Сегодня ее больше всего раздражало, что не прошло еще и пяти минут, как она вытащила это проклятое белье из сушилки, и оно должно было бы непременно лежать в корзине, но… его там не было.

Эшли уже успела осмотреть все полки и столы в подвале. Скорее всего, где-нибудь здесь она бросила белье. Раздраженный вздох знаменовал глубокое разочарование и безнадежно испорченное настроение.

— Что за проблемы? — спросил, когда она спускалась по лестнице, Чарли Айлер, вдовец-пенсионер, выполняющий в их доме обязанности консьержа.

— Я потеряла кое-что, — сказала Эшли и, воздев руки, изобразила полное и трагическое отчаяние. — Мне нужен управляющий в хозяйстве.

— Гм… я давно говорю, что вам нужен хороший и внимательный муженек, — Чарли расплылся в улыбке.

Его широкая улыбка и круглая, почти совсем лысая голова всегда напоминали Эшли «Орешки» с Чарли Брауном. Но Чарли Айлер был посообразительнее любого Чарли Брауна.

Она возвратилась к своим поискам. Предположив, что, возможно, по рассеянности перемешала нижнее белье с другим, Эшли перерыла простыни и полотенца, только что уложенные в корзину. Руки, унизанные золотыми кольцами и сверкающие шикарным лаком для ногтей, быстро перебирали в корзине вещи.

— Единственное, в чем я действительно нуждаюсь, Чарли, это дисциплина. В этом случае я, наверное, не буду приниматься за стирку в десять вечера, при том что вставать мне нужно в пять утра.

— Что вам, на самом деле, нужно, юная леди, так это несколько снизить темп, — продолжал наставительным тоном Чарли. — Всякий раз, как я вас вижу, вы обязательно куда-то торопитесь, постоянно куда-то бежите.

Его замечание вызвало у Эшли короткий приступ веселья. Если работать в службе информации и при этом медленно двигаться, то никогда не достигнуть вершин. На следующее утро на восемь у Эшли была намечена важная презентация. А так как на ней сейчас была последняя чистая пара всего, начиная с джинсов и кончая трусиками, она просто обязана была отыскать потерянное.

Но белья в корзине тем не менее не было…

— Вы уже познакомились с новым соседом? — спросил Чарли, направляясь к своему рабочему месту рядом с топкой.

— Нет, но я уже имела возможность через стену, разделяющую наши квартиры, слушать включенную им музыку, — сказала она вслед Чарли.

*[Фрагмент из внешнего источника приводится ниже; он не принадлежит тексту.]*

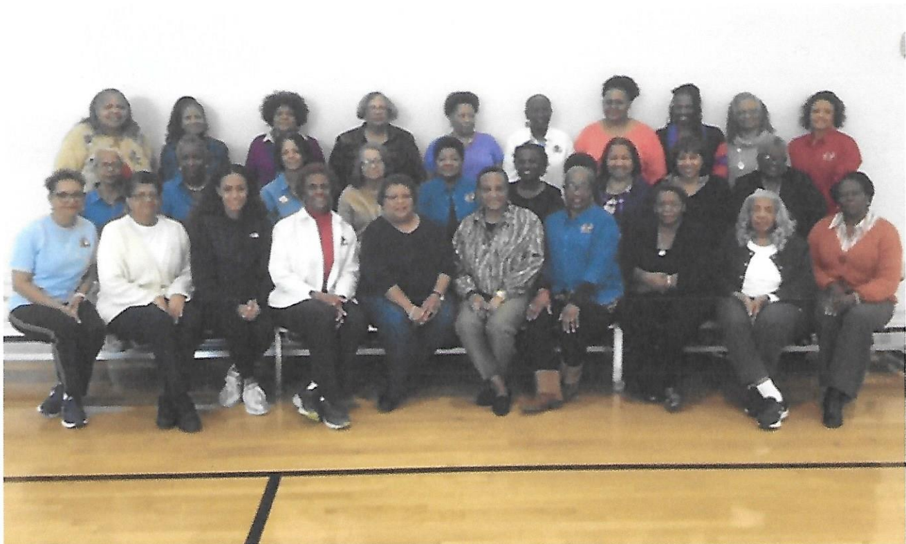
BTQG GROUP PICTURE—JANUARY 2019

Эшли и все другие квартиросъемщики постоянно жаловались на тонкость стен между комнатами. Но вряд ли Чарли мог как-то исправить положение дел. Он только управлял этим домом. Хозяином был какой-то детройтский адвокат, весьма редко наведывавшийся в Анн-Арбор.

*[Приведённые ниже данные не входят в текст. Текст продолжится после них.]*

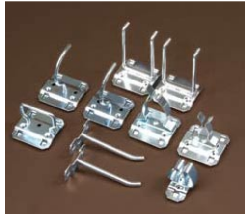
1635 – 10 Piece LocHook™ Assortment for Steel LocBoards™

— Зловещая музычка, не так ли? — Чарли покачал головой и принялся рыться в ящике своего стола.

— Мне слышится в ней что-то восточное, — Эшли тоже не особенно понравились эти высокие и слегка гнусавые звуки.

— Возможно, музыка и на самом деле восточная. Мне думается, этот человек из тех, кого сейчас называют «амеразиатами». Он сказал, что его отец — американец, а мать — японка, и сам он полжизни прожил в Японии. Зовут его Эрик Ньюмен.

Эрик Ньюмен… Она вспомнила: у Джека когда-то был друг по имени Эрик. Очень близкий друг. Но теперь все это казалось ей чем-то давно прошедшим.

Эшли отбросила внезапно всплывшие воспоминания.

— Ему вчера пришла посылка из Японии, — продолжал Чарли. — А его не было дома, и посылку оставили у меня. На ней были такие потешные японские значки, адрес же был написан по-английски. «Ньюмену-сенсею». Не знаешь, что бы это могло значить?

— Ни малейшего представления.

Но слова Чарли натолкнули Эшли на одну интересную мысль:

— Может, мне удастся уговорить его поучить меня немного японскому. При том количестве японских компаний, что нахлынули в последнее время в Мичиган, знание японского не помешает.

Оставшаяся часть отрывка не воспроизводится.